SpeechPipeline in React Native

Edit on GitHub

If you’ve read any of our other documentation, you know that the speech pipeline is the main way you interact with Spokestack’s speech recognition and wakeword. This guide is here to explain in a little more detail how the React Native version of Spokestack uses this architecture to recognize wakewords and user speech. Spokestack on React Native is just a wrapper around the Android and iOS native libraries, so if you have more detailed platform-specific questions, be sure to consult those!

What is it?

As the name implies, SpeechPipeline is a collection of distinct modular components that work together to process user speech. In short, the pipeline receives audio from the microphone and sends it through a variable number of stages, each of which performs some form of processing and optionally dispatches events back through the pipeline.

How do I set it up?

Configuration available at build time includes a list of pipeline stages and various properties, which are described in the configuration guide.

Stage order matters in the build process; audio is processed by each stage in turn, according to the order in which it’s declared at build time. For example, a stage that activates ASR based on the presence of the wakeword needs to be placed before the ASR stage, and any stages that process audio to make the wakeword detector’s job easier (for example, gain control) must be declared before the wakeword detection stage. The order of configuration properties, on the other hand, does not matter, and their declarations can be placed before or after those of processing stages.

How does it work?

This is the speech pipeline’s state machine:

speech pipeline

As you can see, once the pipeline has been built (signaled by the onInit event), calling start() puts it into a passive listening state—or it will if the pipeline has been properly configured. You could have an ASR class as the only stage, in which case an ASR request would start immediately upon calling start(). This is almost certainly not what you want.

While the pipeline is listening passively, it sends audio through its stages a frame at a time (a “frame” defaults to 20 ms of audio, but it’s configurable). That audio is not leaving the device, though; it’s waiting for a stage to recognize a trigger word or phrase and set the pipeline to active.

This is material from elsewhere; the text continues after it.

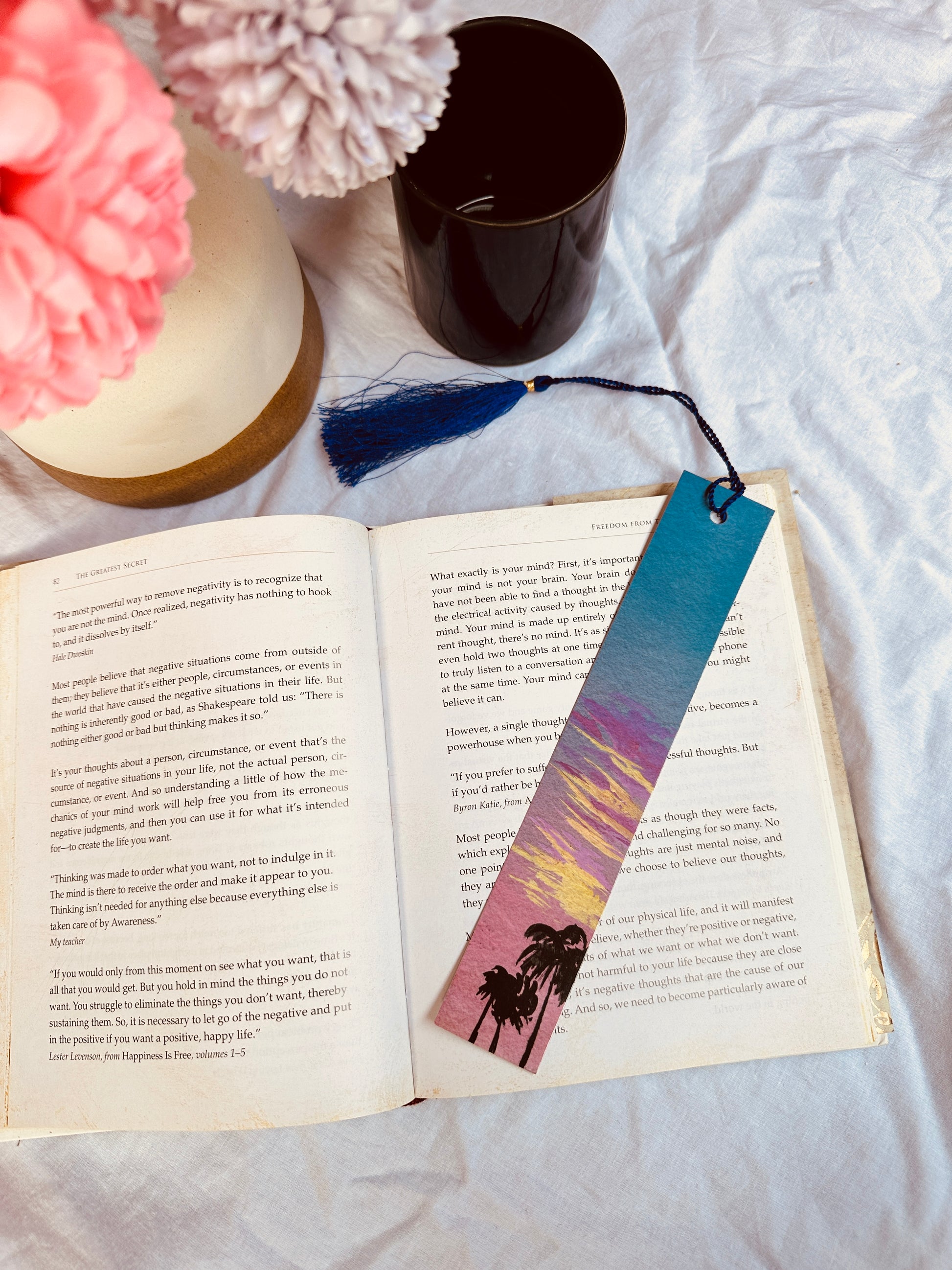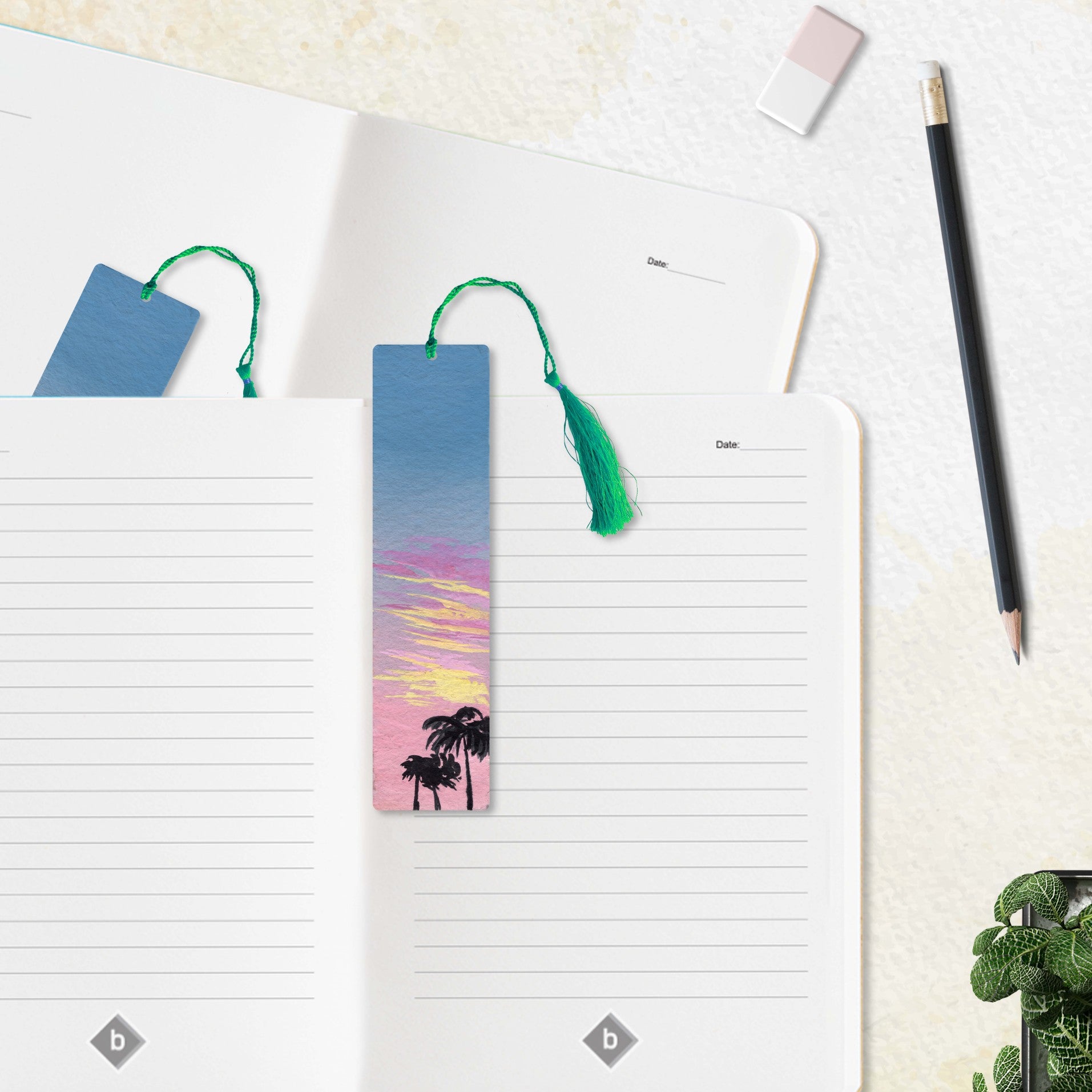 Design: The "Calabasas Sky" Paper Bookmark features a stunning illustration of a tranquil pink and blue sky with graceful palm trees, evoking a sense of peace and wanderlust.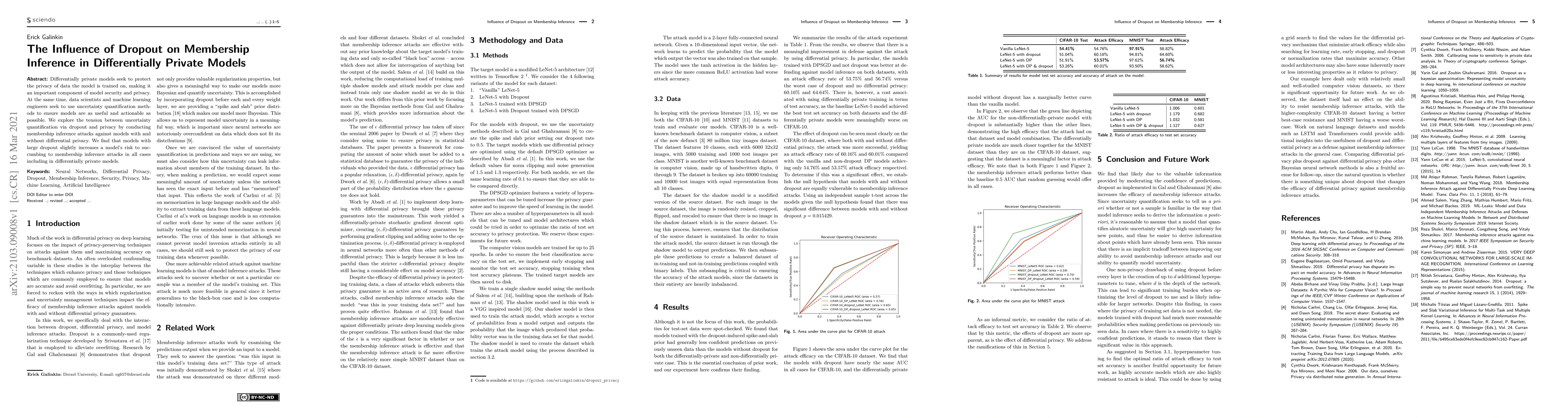 Differentially private models seek to protect the privacy of data the model is trained on, making it an important component of model security and privacy. At the same time, data scientists and machine learning engineers seek to use uncertainty quantification methods to ensure models are as useful and actionable as possible. We explore the tension between uncertainty quantification via dropout and privacy by conducting membership inference attacks against models with and without differential privacy. We find that models with large dropout slightly increases a model's risk to succumbing to membership inference attacks in all cases including in differentially private models.

The classes that do this in Spokestack typically have names that end in Trigger; see WakewordTrigger and VoiceActivityTrigger for examples.

The pipeline can also be activated by calling its activate method. This is what you’d do to implement push-to-talk. Once activated, it can be deactivated by calling deactivate, or it will remain active until a pre-set timeout is triggered (see wake-active-min and wake-active-max in the configuration documentation).

For a complete set of available methods that can be called for the speech pipeline, please refer to the API documentation.

When active, audio frames are sent through an ASR service (on-device or cloud-based) to be transcribed (if an ASR component is registered in the pipeline; these components have names that end in SpeechRecognizer). These ASR requests end when a pre-set timeout is reached or when the pipeline is manually set to inactive. At that point, the ASR service’s best effort at a transcription is delivered via a speech event to any registered listeners.

The Main Event

All pipeline activity, including activations, deactivations, ASR timeouts, receipt of ASR transcriptions, and tracing messages/errors are delivered asynchronously to event subscribers.

All events are optional, so apps can subscribe to whichever are of interest. All pipeline events send an event object with a common set of keys. Here’s an example of a recognize event:

  "transcript":"Hello world",

Events may also contain additional keys like this trace event used for debugging:

  "trace":"20 TFLiteWakewordRecognizer wake: 0.9167537"

And the cycle continues…

Once the ASR stage has completed its request and fired a recognize event, it signals the pipeline to return to listening passively for the wakeword. If a multi-turn interaction is desired, the pipeline can be manually reactivated after a system response by calling activate().

To stop the pipeline completely, call its stop() method. As long as you retain a reference to its built instance, you can call start() again at any time without rebuilding it.